“CREAMOS LA COORDINADORA PARA ORGANIZAR LA LUCHA”

POR TANO PISANI, SECRETARIO DE CULTURA, CONDUCTOR DE LA LÍNEA B.

En los setenta, Armando René D’Oro, “Pelusa”, para sus compañerxs, fue delegado del Laboratorio Squibb & Sons y formó parte de la Coordinadora de Zona Norte. En esta entrevista nos cuenta cómo se organizaron con comisiones internas de otras fábricas para enfrentar a las patronales y a las fuerzas estatales: “A pesar de la represión, la clase obrera no retrocedía”, destaca.

Tano: ¿En qué año entraste a la fábrica y como estaba constituida?

Ingresé a trabajar al Laboratorio Squibb & Sons en 1970. A partir de 1974 fui electo para ser el delegado de la sección Fermentación. En total éramos 18 delegados los que formábamos parte de la Comisión Interna, de ellos, 5 éramos parte de la Comisión de Reclamos, la encargada de reunirse todas las semanas con el Gerente de Recursos Humanos de la empresa.

Tano: ¿Formaste parte de la Coordinadora de Zona Norte?
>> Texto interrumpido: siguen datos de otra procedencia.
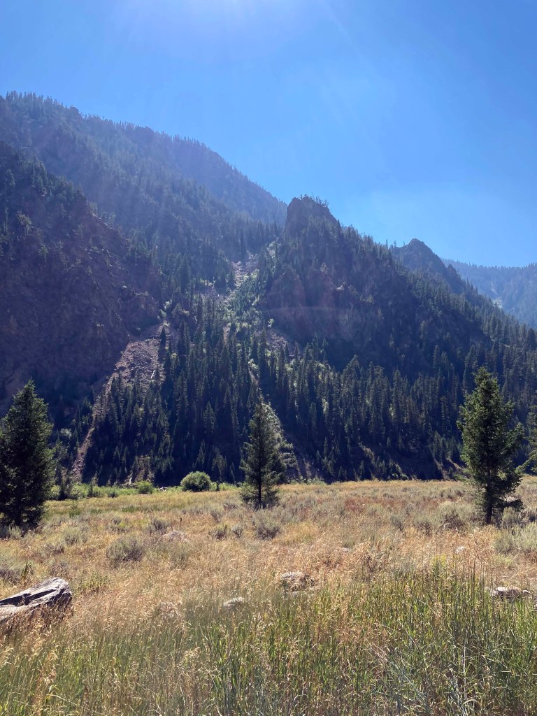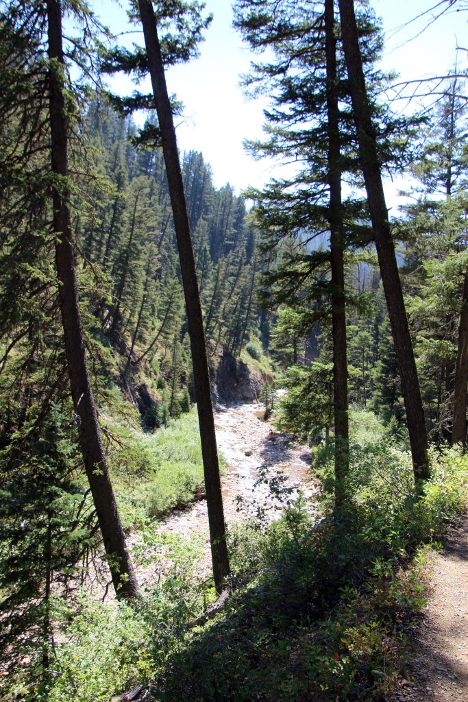 Unfortunately because of the lighting my pictures don’t come close to capturing the majesty of this area and it really felt like we were in the wild. After staying for a bit we went back across the street to try out the Cabin Creek Trail. The Forest Ranger in the Hebgen Lake Ranger District recommended the trail although she said the first couple of miles were the best part in her opinion. Unfortunately it got pretty hot pretty quick and the trail itself was VERY rugged. It was also multi purpose so between watching my footing, avoiding the steep drop off, and dancing around horse poop I felt like I had to watch my feet most of the time.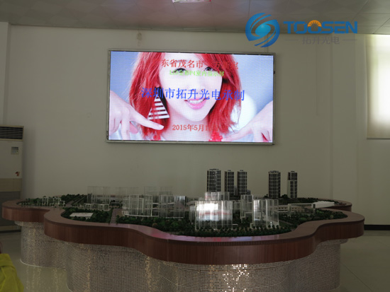 拓升P4室内全彩屏安装于茂名一方新宛售楼部,为该楼盘全方位的进行展示及宣传,增强了业主对该楼盘最直观的了解及购买。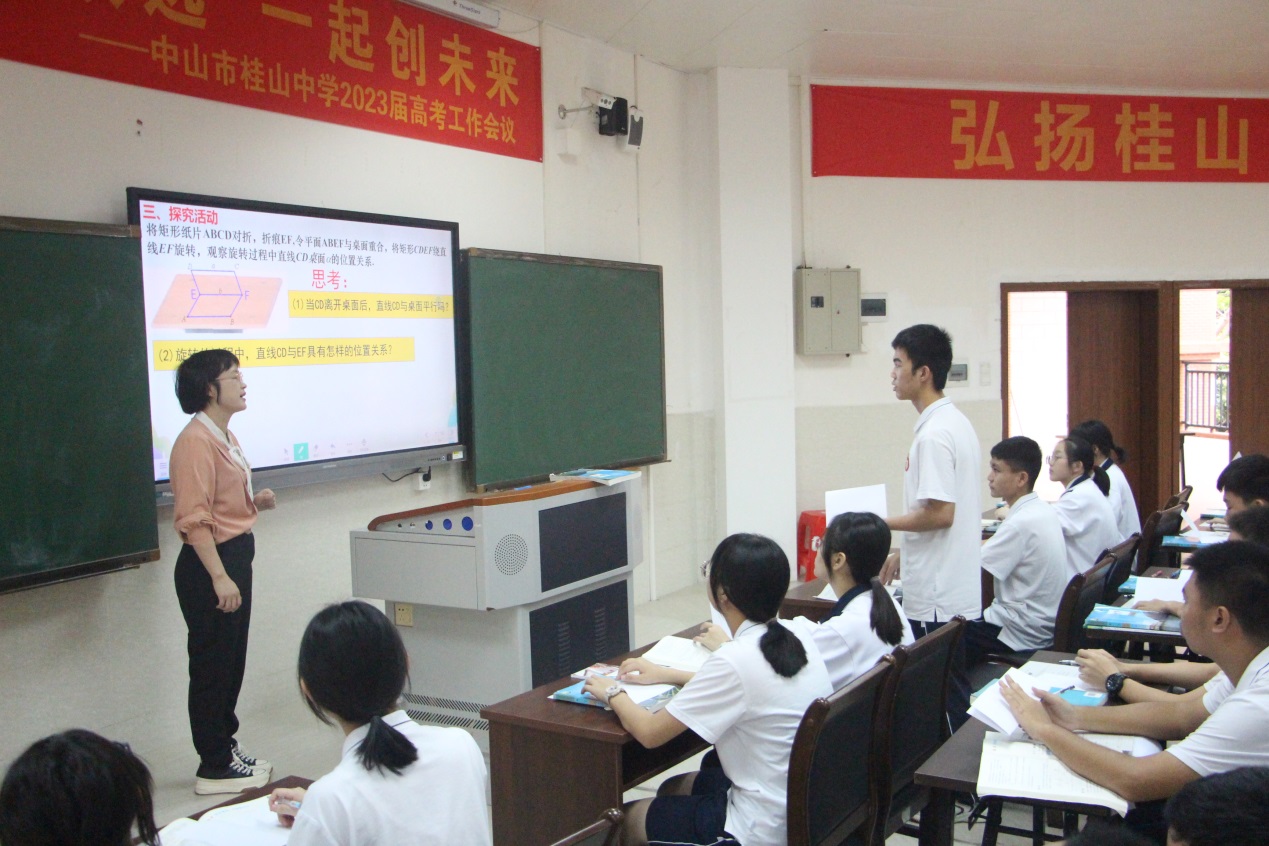 本次活動由桂山中學、龍山中學的中山市名師、學科帶頭人、骨干教師以及教學競賽獲獎教師聚焦同一內(nèi)容,展現(xiàn)不同風采,提升教師專業(yè)發(fā)展,打造高質(zhì)量課堂。市骨干教師劉丹峰、龍山中學備課組長劉麗萍同上數(shù)學課《直線與平面平行》,市教學競賽一等獎教師安娜與市學科帶頭人袁丹純同上英語課《必修三Unit3 Welcome to Chinatown》,市骨干教師宋展添與市教學競賽一等獎教師陳習羽同上物理課《互感與自感》,市教學競賽一等獎教師鄭露萍與市骨干教師黃志剛同上政治課《邏輯思維的基本要求》,市骨干教師趙雙與市骨干教師馮樹濤同上地理課《人類面臨的主要環(huán)境問題》,各位優(yōu)秀教師精心準備、精心設計,針對教學重點,著眼于教學難點,呈現(xiàn)除了一堂堂不同風格的精品課。
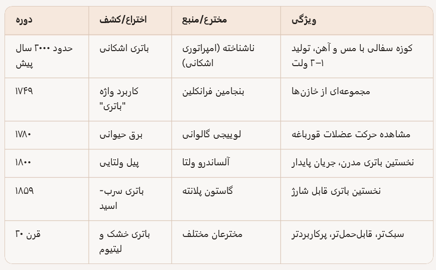 باتری از یک کوزه سفالی ساده در دوران اشکانی تا باتریهای لیتیوم-یون امروزی، مسیری طولانی طی کرده است. اختراع ولتا نقطه عطفی بود که امکان استفاده گسترده از برق را فراهم کرد و زمینهساز انقلاب صنعتی و فناوریهای مدرن شد.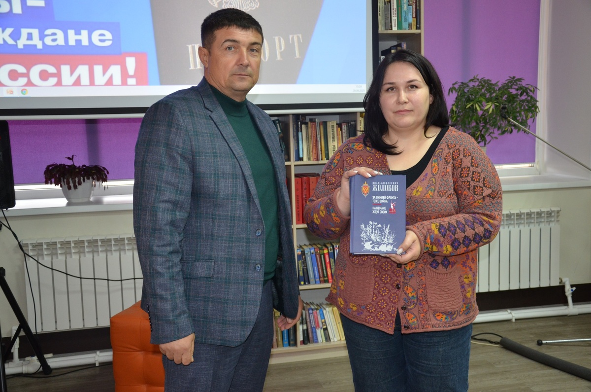 Вручение двухтомника "За линией фронта- тоже война. На Немане ждут своих" Ивана Жолобова 29 сентября в Завьяловской Центральной библиотеке прошло мероприятие для учащихся восьмых классов Завьяловской средней школы N 1, посвященное дню рождения нашего региона. 28 сентября 1937года Алтайский край образовался как субъект Российской Федерации. В честь очередной годовщины региона восемь школьников, достигших 14-летия, в торжественной обстановке получили паспорт из рук главы района Юрия Ходунова. Подарки от Движения Первых – значки и обложки для паспорта - вручила ребятам специалист по организации работы Движения Первых в районе Яна Ковтуненко.Знаменательным событием стало вручение заведующей отделом Центральная библиотека МБУ МфКЦ Завьяловского района Екатерине Чупиной двухтомника «За линией фронта – тоже война. На Немане ждут своих» Ивана Жолобова. Юрий Ходунов, передавая книги Екатерине... Ссылка на публикацию #Завьялово#Культура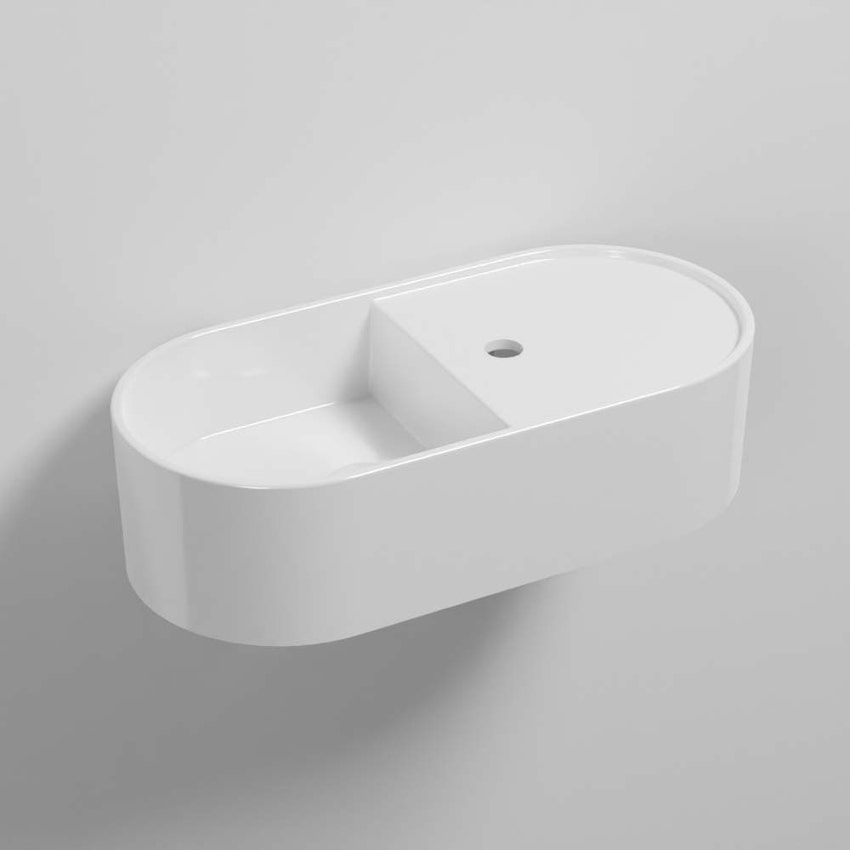 Lavabo bagno Sospeso/Appoggio Cielo Les petites LPLAO60, disegnato da Andrea Parisio & Giuseppe Pezzano, Con 1 foro per rubinetto, Senza troppopieno, larghezza cm 60, lunghezza cm 30, altezza cm 16, forma Ovale, finitura Bianco lucido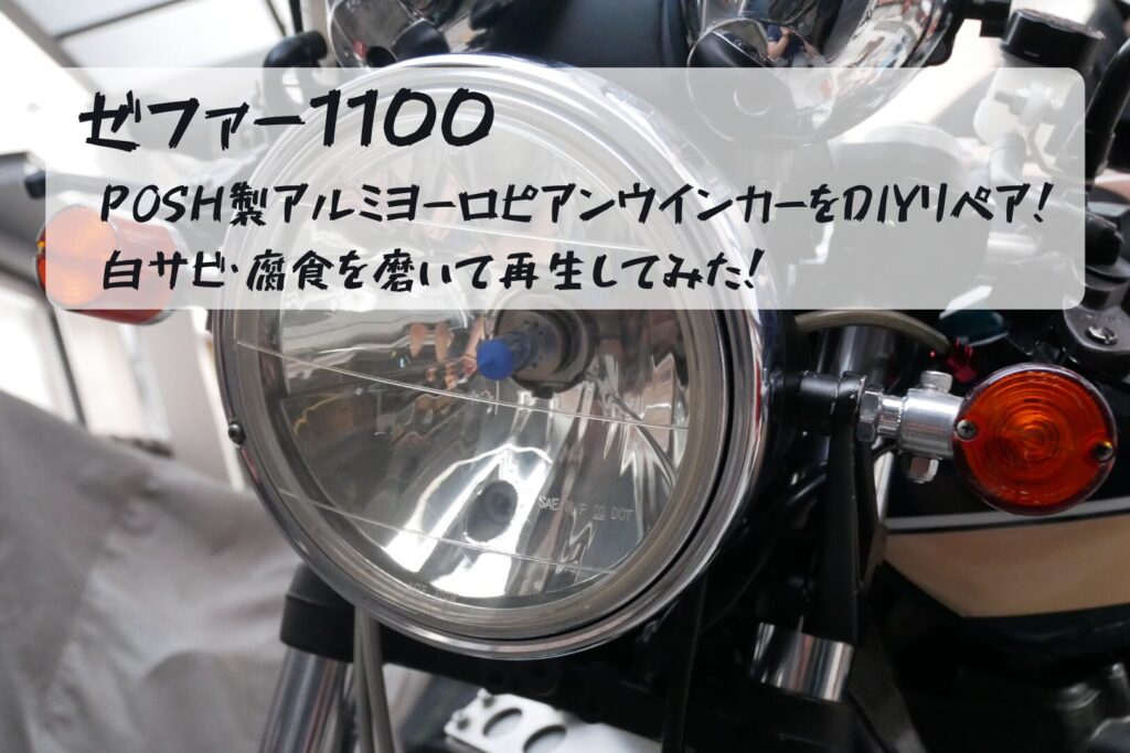 ゼファー1100に装着しているPOSH製アルミヨーロピアンウインカーをDIYでリペア。白サビや腐食の状態、磨き工程、使用した道具、仕上がりの変化まで実体験をもとに解説します。 -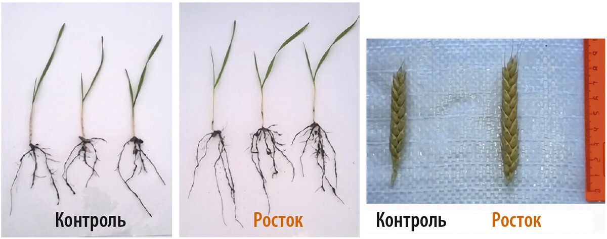 — Препарат Росток регулирует рост и развитие растений, стимулирует физиологические процессы. Он повышает энергию прорастания и всхожесть, густоту стояния растений и число продуктивных стеблей, улучшает развитие корневой системы и колоса. Росток также повышает фертильность пыльцы и увеличивает размеры жизнеспособных клеток, что способствует лучшей опыляемости растений, оплодотворяемости гамет и формированию полноценного урожая. Препарат ускоряет прохождение фенологических фаз, увеличивает использование питательных веществ, повышает содержание клейковины, белка, углеводов, сахаров, витаминов. Росток снижает содержание нитратов, токсикантов в продукции и негативное действие стрессов (обработка пестицидами, засуха, заморозки), повышает устойчивость к заболеваниям и действию неблагоприятных факторов, усиливает неспецифический иммунитет.

Pelusa: Yo era el representante de Squibb en la Coordinadora de Zona Norte, pero, además, nosotros fuimos parte de su creación junto a Ford, Astilleros Astarsa, Terrabusi, Matarazzo, etc.

Tano: ¿Cuándo se fundó y por qué?

Pelusa: El 23 de junio de 1975 por iniciativa de las Comisiones Internas y delegados del Astillero Astarsa, Editorial Abril, Laboratorio Sqüibb, Tensa, Laboratorios Avon, Santini y la adhesión del Sindicato de Cerámistas de Villa Adelina, se convocó a la constitución formal de una Coordinadora Interfabril, para centralizar y organizar la lucha simultánea que se venía desarrollando en la mayoría de las fábricas y talleres desde Vicente López hasta el límite norte de Tigre. Para poder llevar a cabo este objetivo se crearon comisiones integradas por activistas de los distintos establecimientos. El objetivo era recorrer la zona invitando a los obreros a sumarse a este flujo de coordinación proletaria.

La comisión interna de laboratorios Squibb & Sons fue parte de la Coordinadora de Zona Norte.

Tano: ¿Cómo se fue desarrollando ese proceso?

Pelusa: La decisión de crear la Coordinadora se comenzó a gestar en diciembre de 1973, cuando el cuerpo de delegados de la fábrica Matarazzo, Villa Adelina, presentó un petitorio que incluía un aumento salarial. La empresa respondió con el despido de trabajadores quienes replicaron con paros parciales y luego un huelga general que terminó con la reincorporación de los compañeros. Pero, para fines de abril de 1974, la compañía echó a 26 trabajadores, incluyendo al nuevo cuerpo de delegados. Como respuesta a los despidos, el 9 de mayo, trabajadores encabezados por un comité de lucha tomaron la fábrica y retuvieron a los dueños y el personal jerárquico.

Equipo de futsal de las secciones de Fermentación y de Purificación.

Los obreros de los establecimientos vecinos se solidarizaron con la lucha y ocuparon los alrededores de la fábrica e impidieron la acción represiva de los organismos del Estado. A la patronal no le quedó otra alternativa que reincorporar a los despedidos y otorgar un aumento salarial.

Días más tarde la empresa cerró la fábrica, en un “lockout”, con el aval del propio Ministerio de Trabajo y del Poder Judicial. Entonces, abandonados por la dirección burocrática del gremio y la necesidad económica, los trabajadores continuaron la lucha. Durante todo este proceso jugó un papel preponderante como centro de organización y difusión un local que la JTP tenía en Mitre y Malaver, Villa Adelina, ya que servía como lugar físico donde el activismo podía reunirse, planificar actividades y llevarlas a cabo.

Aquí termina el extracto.